En y réfléchissant bien, j’ai toujours été en vrac. Sans doute est-ce pour cela que j’ai déjà mené cinq vies différentes. Comme j’appartiens au signe zodiacal vietnamien du chat, le lièvre métallique pour les Chinois, il me reste encore deux vies. Cela ne m’interdit nullement d’être aussi sagittaire avec ascendance sagittaire avant de s’en servir. Vous voyez le genre. Bref, j’ai pleinement conscience, comme tous les lièvres, de courir dans tous les sens et comme le félin de vivre ma sixième et probablement d’attaquer ma septième et dernière existence. S’il vous plaît, ne partons pas en plein délire en parlant de réincarnation ou autres fadaises de cet acabit. Non, je parle de vraies vies depuis ma naissance.

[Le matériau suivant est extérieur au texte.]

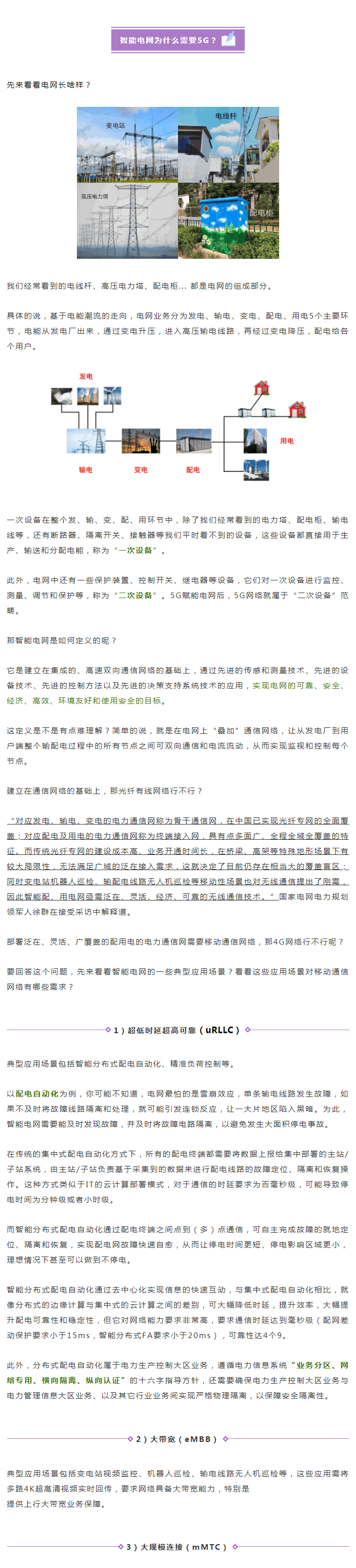 青島5G智能電網(wǎng)項(xiàng)目采用端到端5G SA網(wǎng)絡(luò)建設(shè),引入5G全自動多維動態(tài)切片解決方案,結(jié)合5G MEC無處不在的聯(lián)接能力和超性能異構(gòu)計算能力,為電網(wǎng)應(yīng)用提供更快、更細(xì)、更準(zhǔn)的差異化和確定性網(wǎng)絡(luò)能力,實(shí)現(xiàn)了基于5G SA切片的智能分布式配電、變電站作業(yè)監(jiān)護(hù)及電網(wǎng)態(tài)勢感知、5G基站削峰填谷供電等新應(yīng)用。工作人員通過電力塔桿上的5G+4K超G清攝像頭來監(jiān)控輸電線路和配電設(shè)施,可以及時發(fā)現(xiàn)故障隱患,能節(jié)省80%的現(xiàn)場巡檢人力物力。借助5G的超低時延和超G可靠性,還能快速定位、隔離和恢復(fù)電網(wǎng)線路故障,把停電時間從分鐘級縮短到秒級甚至毫秒級。
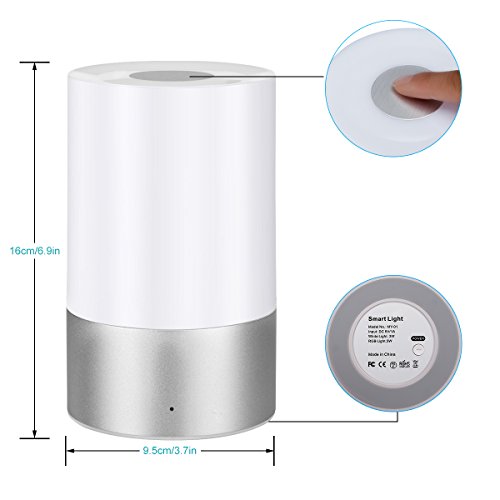 LEDemain Luce Notturna per Camera da Letto, Lampada da Comodino con 3 Livelli di Luminosità, LED Luce Atmosfera Multicolori Controllo da Contatto di 360° su Base in Alluminio
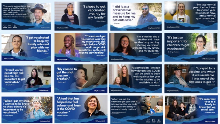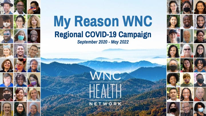 So, I researched who was in communication roles at hospitals and health departments and brought them together. Because we had been meeting consistently, we had built strong relationships. This was essential when the COVID-19 pandemic appeared. We were able to pivot our work into a COVID-19 communications response for our region, which included a collaborative regional COVID-19 campaign called “My Reason WNC.”
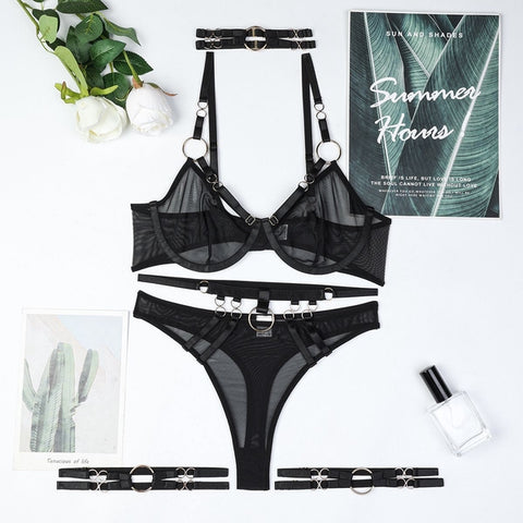 Unleash your bold side with the Obsession Strapped Sheer Lingerie Set, a daring and provocative design that commands attention. This four-piece set features sheer mesh fabric that teases the senses, paired with striking gold-tone O-ring hardware and bold straps for an edgy, seductive look. The underwired bra provides perfect support and lift, while the high-waisted panties and leg garters add a sultry, bondage-inspired flair.
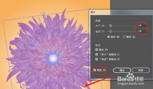 然后,在点击上方菜单栏效果——扭曲和变化——扭拧,然后修改参数值,可以参考小编的,在点击预览。
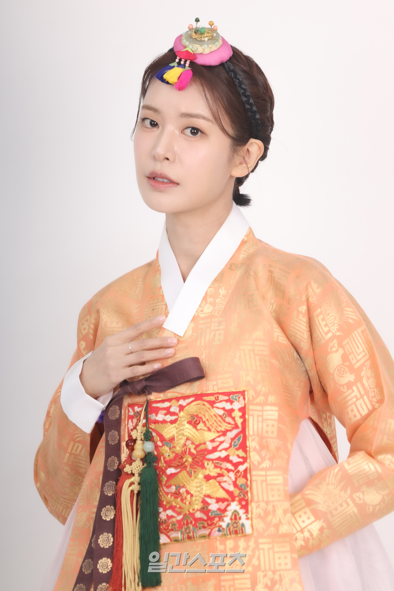 배우 정유진이 서울 순화동 KG타워에서 진행된 일간스포츠 설맞이 인터뷰에 앞서 곱게 차려 입은 한복 차림으로 포즈를 취하고 있다.정유진은 주황색 당의와 은은한 금장 문양이 어우러진 한복으로 단아하면서도 위엄 있는 분위기를 연출했다.

J’ignore pourquoi certains, en fait il s’agit de certaines, m’ont laissé entendre que j’étais inquiétant et que je faisais peur. La première fois qu’on m’a dit cela, je me dirigeais vers la quarantaine. À l’époque, j’avoue ne pas avoir très bien compris. Même maintenant, je ne comprends toujours pas vraiment. Finalement, le jugement le plus étonnant et le plus pertinent que quelqu’un a émis me concernant l’a été par Didier. Didier, c’est l’enseignant de l’aïkido. Je me refuse à l’appeler Maître ou professeur. Je préfère l’appeler par son prénom. Les rapports entre un enseignant d’arts martiaux et ses élèves sont souvent très compliqués, mais ce n’est pas le propos, enfin, pas maintenant. Bref, il m’a dit que je ressemblais à un bloc de glace qui s’effritait. Sur le moment, cela m’a surpris. Il est vrai que nous avions éclusé quelques pintes de bière. Rétrospectivement en y réfléchissant, je reconnais qu’il n’a pas vraiment tort. En outre, il m’avait confié certaines choses le concernant qu’il me demanda de conserver par-devers moi.
« Que vous a-t-il confié ?
Sa confiance m’honore et il n’existe pas de raisons pour la trahir. Alors, vous n’en saurez rien, jamais. Même en présence de mon avocat ou sous la torture, je ne divulguerai rien. Fin de l’histoire.
Pourquoi me raconter cela alors ?
Juste pour vous faire prendre conscience des rapports privilégiés existant au sein de ce groupe.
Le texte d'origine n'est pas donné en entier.